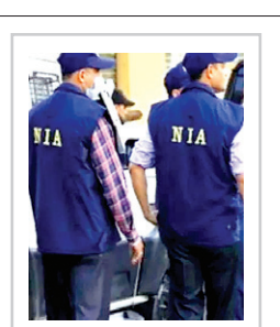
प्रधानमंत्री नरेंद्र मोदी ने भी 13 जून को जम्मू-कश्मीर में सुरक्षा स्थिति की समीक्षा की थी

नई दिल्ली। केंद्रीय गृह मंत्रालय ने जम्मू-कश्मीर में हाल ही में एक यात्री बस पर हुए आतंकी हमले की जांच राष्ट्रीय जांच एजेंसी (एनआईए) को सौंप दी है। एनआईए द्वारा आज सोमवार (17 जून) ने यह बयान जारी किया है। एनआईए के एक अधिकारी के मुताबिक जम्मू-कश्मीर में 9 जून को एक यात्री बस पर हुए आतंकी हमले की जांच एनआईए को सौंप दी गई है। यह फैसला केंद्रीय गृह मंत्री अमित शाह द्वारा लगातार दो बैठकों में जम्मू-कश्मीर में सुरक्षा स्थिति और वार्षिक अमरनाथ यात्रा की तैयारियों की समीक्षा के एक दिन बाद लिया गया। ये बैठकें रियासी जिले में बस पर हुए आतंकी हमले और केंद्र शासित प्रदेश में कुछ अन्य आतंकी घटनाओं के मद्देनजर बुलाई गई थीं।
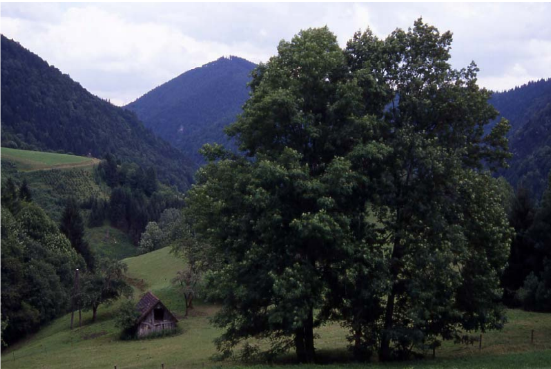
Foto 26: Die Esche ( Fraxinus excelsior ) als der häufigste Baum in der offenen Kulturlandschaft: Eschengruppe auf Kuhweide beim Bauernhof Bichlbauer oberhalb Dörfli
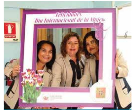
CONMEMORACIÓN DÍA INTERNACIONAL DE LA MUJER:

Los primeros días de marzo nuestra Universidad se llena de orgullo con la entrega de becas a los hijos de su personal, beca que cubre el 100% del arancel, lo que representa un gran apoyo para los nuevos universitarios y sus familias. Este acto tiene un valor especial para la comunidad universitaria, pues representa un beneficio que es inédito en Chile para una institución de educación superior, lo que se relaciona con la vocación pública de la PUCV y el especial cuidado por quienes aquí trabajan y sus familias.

########################################

> _What the task asks_: The records are to be returned verbatim. Skip any picture they contain.

> _Exercise answer_:
प्रधानमंत्री नरेंद्र मोदी ने भी 13 जून को जम्मू-कश्मीर में सुरक्षा स्थिति की समीक्षा की थी

नई दिल्ली। केंद्रीय गृह मंत्रालय ने जम्मू-कश्मीर में हाल ही में एक यात्री बस पर हुए आतंकी हमले की जांच राष्ट्रीय जांच एजेंसी (एनआईए) को सौंप दी है। एनआईए द्वारा आज सोमवार (17 जून) ने यह बयान जारी किया है। एनआईए के एक अधिकारी के मुताबिक जम्मू-कश्मीर में 9 जून को एक यात्री बस पर हुए आतंकी हमले की जांच एनआईए को सौंप दी गई है। यह फैसला केंद्रीय गृह मंत्री अमित शाह द्वारा लगातार दो बैठकों में जम्मू-कश्मीर में सुरक्षा स्थिति और वार्षिक अमरनाथ यात्रा की तैयारियों की समीक्षा के एक दिन बाद लिया गया। ये बैठकें रियासी जिले में बस पर हुए आतंकी हमले और केंद्र शासित प्रदेश में कुछ अन्य आतंकी घटनाओं के मद्देनजर बुलाई गई थीं।
Foto 26: Die Esche ( Fraxinus excelsior ) als der häufigste Baum in der offenen Kulturlandschaft: Eschengruppe auf Kuhweide beim Bauernhof Bichlbauer oberhalb Dörfli
CONMEMORACIÓN DÍA INTERNACIONAL DE LA MUJER:

Los primeros días de marzo nuestra Universidad se llena de orgullo con la entrega de becas a los hijos de su personal, beca que cubre el 100% del arancel, lo que representa un gran apoyo para los nuevos universitarios y sus familias. Este acto tiene un valor especial para la comunidad universitaria, pues representa un beneficio que es inédito en Chile para una institución de educación superior, lo que se relaciona con la vocación pública de la PUCV y el especial cuidado por quienes aquí trabajan y sus familias.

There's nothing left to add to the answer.